SHCHORS (ALEXANDER DOVJENKO; 1939)

Hace ya años la gran cineasta belga Chantal Akerman se preguntaba por cuál era la tarea de los cineastas en el momento del cambio de milenio. En un mundo sepultado por imágenes insignificantes y repetitivas, en un mundo anestesiado por la banalidad del consumo masivo, dónde el narcisismo es pauta de comportamiento admitida, en el que la técnica y estética de la comunicación audiovisual parece cada vez más sometida a los dictámenes de la publicidad, la tarea parecía evidente: no contribuir a aumentar el flujo de imágenes banales, irrelevantes, indiferentes. Y lo formulaba con una expresión irrefutable: no hay que fabricar imágenes idólatras.

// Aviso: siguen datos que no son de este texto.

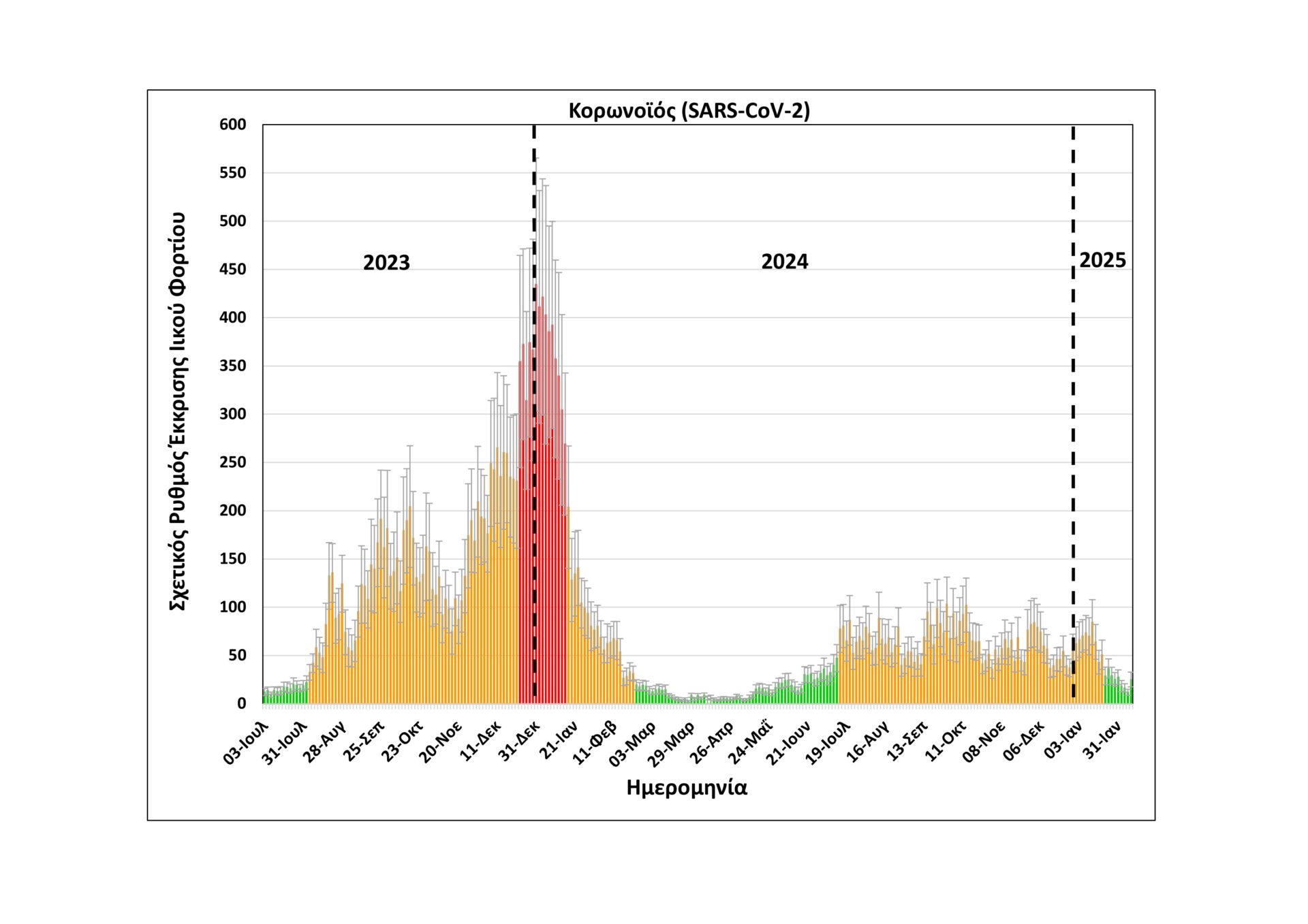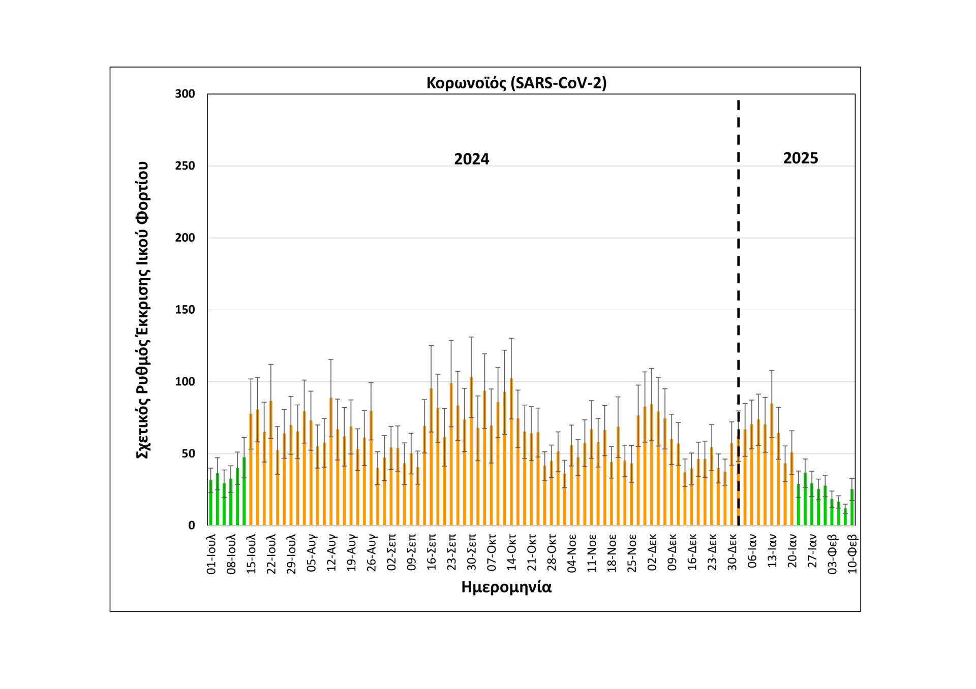 Η μέση εβδομαδιαία τιμή του φορτίου του SARS-CoV-2 την εβδομάδα 3/2/025-9/2/2025 (ISO WEEK 6) σε σχέση με την αμέσως προηγούμενη (27/1/2025-2/2/2025 -ISO WEEK 5) μειώθηκε κατά 43%. Συστηματική αποκλιμάκωση των τιμών του ιικού φορτίου παρατηρείται μετά το τέλος Ιανουαρίου 2025.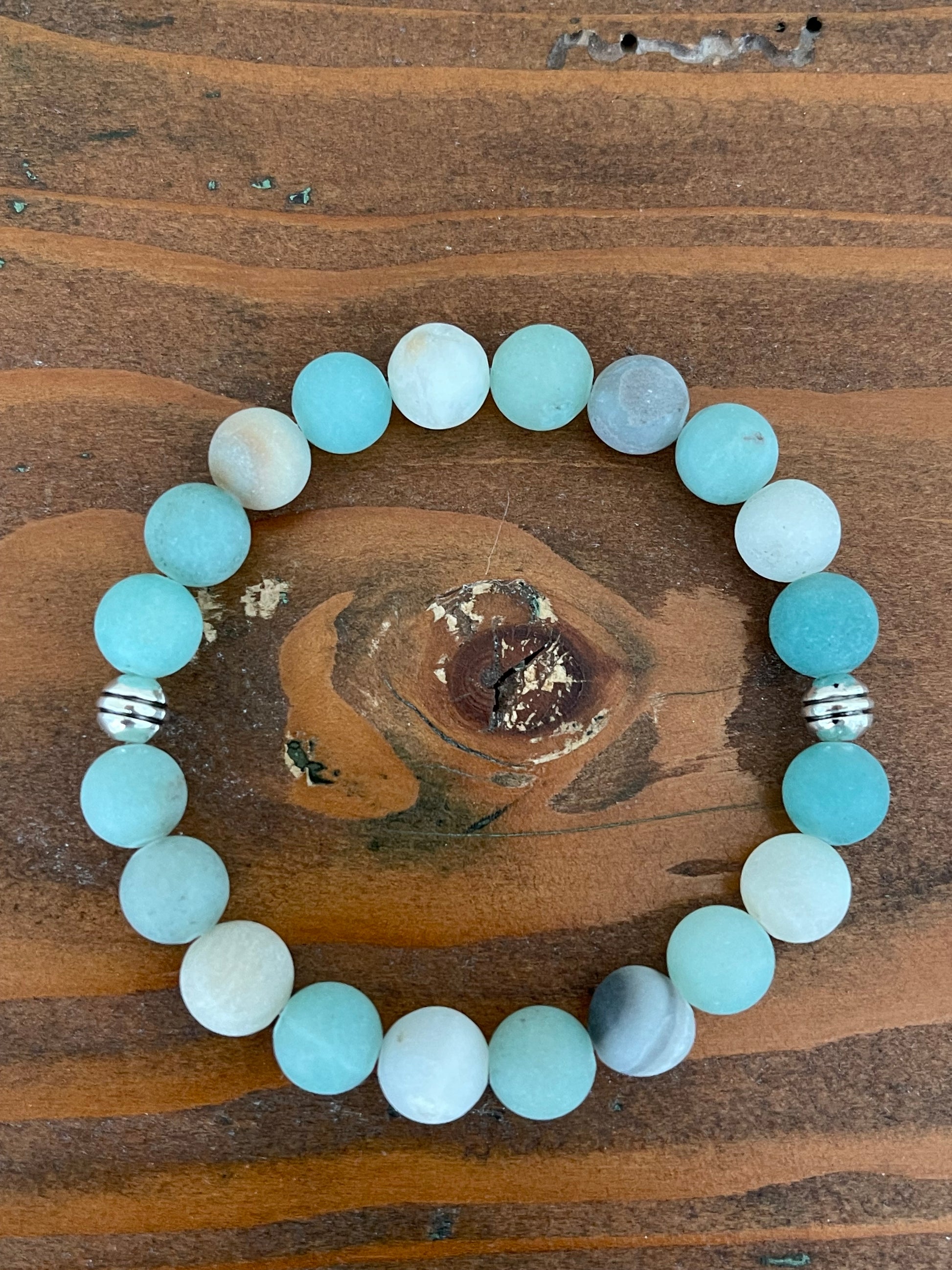 Perlengröße 8 mm sowie 2 versilberte Perlen in Größe 6 mm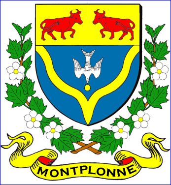 (2015) D'azur au chevronnel renversé ondé d'or, accompagné en chef d'une colombe fondant en pal d'argent tenant dans son bec une ampoule d'or; au chef d'or chargé de deux vaches affrontées de gueules.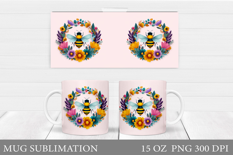 Bee Sublimation Mug Sublimation Mug Wrap Sublimation Bee Mug Bee Mug Template Flowers Mug Flowers Mug Sublimation Bee Mug Sublimation Bee Flowers Mug Wrap Bee Flowers Mug

Me parece que esta sencilla proposición puede servir para explorar algunas de los múltiples problemas y contradicciones que se vivían en la URSS en la ominosa década de los años treinta del pasado siglo cuando se consolida el poder omnímodo de Stalin y brota, irresistible, el culto a la personalidad del líder omnisciente en el que se hace carne el sentido de la historia. Y me parece que uno de los nombres más interesantes para poder entender, al menos en alguno de sus aspectos, los complejísimos entresijos del debate cultural (y político) que se jugaba por aquellos días (durante un breve tiempo de manera explícita, luego de forma, como veremos implícita pero no menos relevante, al menos para un observador actual) entre el poder político y sus exigencias de construcción de lo que luego iba a denominarse con el eufemismo de “socialismo real” y cual podría (inmediatamente sustituido por “debería”) ser el papel de los artistas en esta tarea, no es otro que el de Alexander Dovjenko (Viunyshche, actual Ucrania, 1894-Moscú, 1956). 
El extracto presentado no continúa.